Stored records
━━━

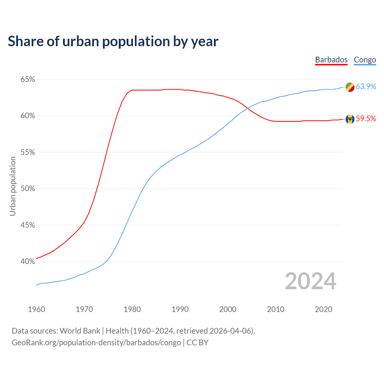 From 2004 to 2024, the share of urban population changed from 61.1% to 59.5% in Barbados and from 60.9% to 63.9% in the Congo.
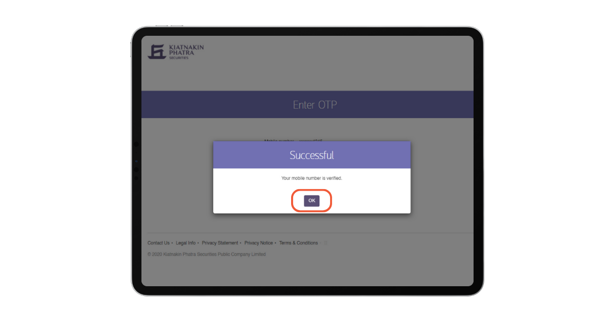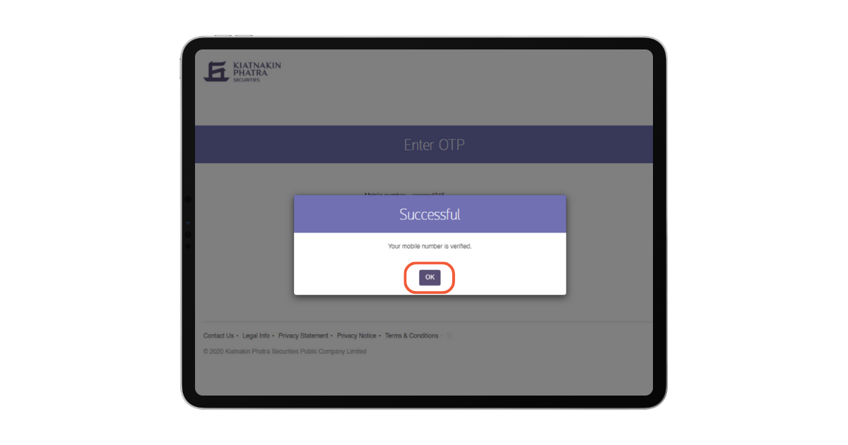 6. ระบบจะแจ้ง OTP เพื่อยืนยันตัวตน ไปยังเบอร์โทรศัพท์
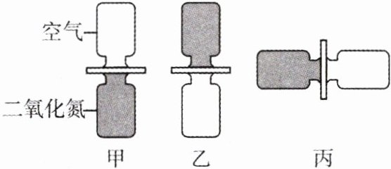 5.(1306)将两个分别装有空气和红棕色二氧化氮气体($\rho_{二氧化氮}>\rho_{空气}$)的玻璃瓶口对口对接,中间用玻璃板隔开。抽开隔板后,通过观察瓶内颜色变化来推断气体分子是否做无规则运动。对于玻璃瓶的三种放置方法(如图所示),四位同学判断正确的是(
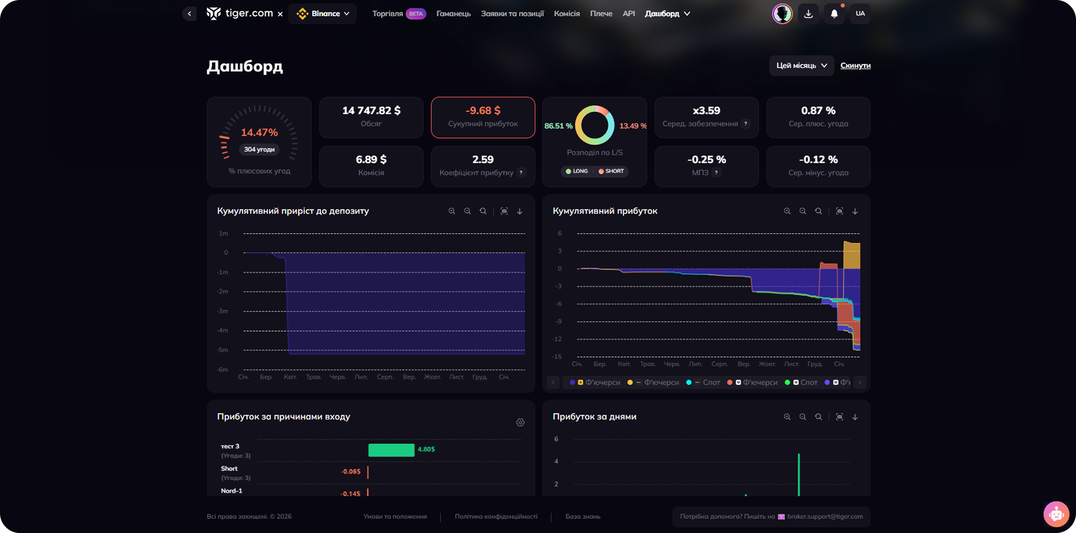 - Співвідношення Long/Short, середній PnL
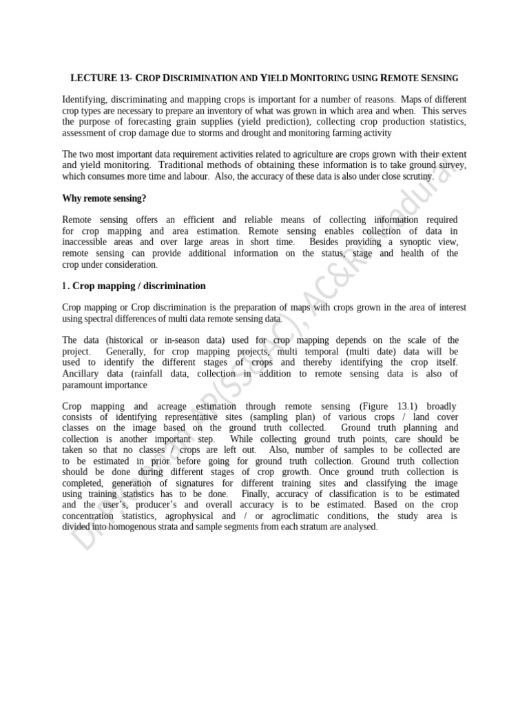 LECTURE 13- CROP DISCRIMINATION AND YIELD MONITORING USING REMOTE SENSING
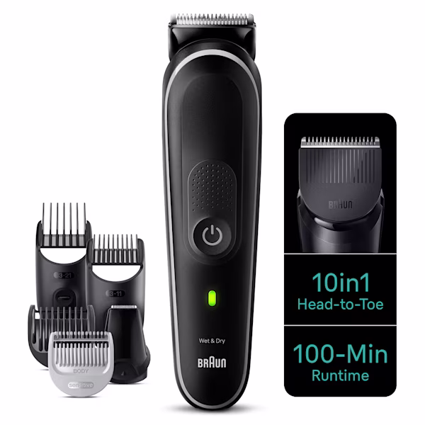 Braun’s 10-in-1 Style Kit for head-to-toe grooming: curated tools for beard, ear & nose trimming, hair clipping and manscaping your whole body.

━━━

• Problem to solve
Can the lines from the one with "LECTURE 13- CROP" to the end of the records above be quoted exactly, both ends included, with every picture omitted?

• Response
 LECTURE 13- CROP DISCRIMINATION AND YIELD MONITORING USING REMOTE SENSING
 Braun’s 10-in-1 Style Kit for head-to-toe grooming: curated tools for beard, ear & nose trimming, hair clipping and manscaping your whole body.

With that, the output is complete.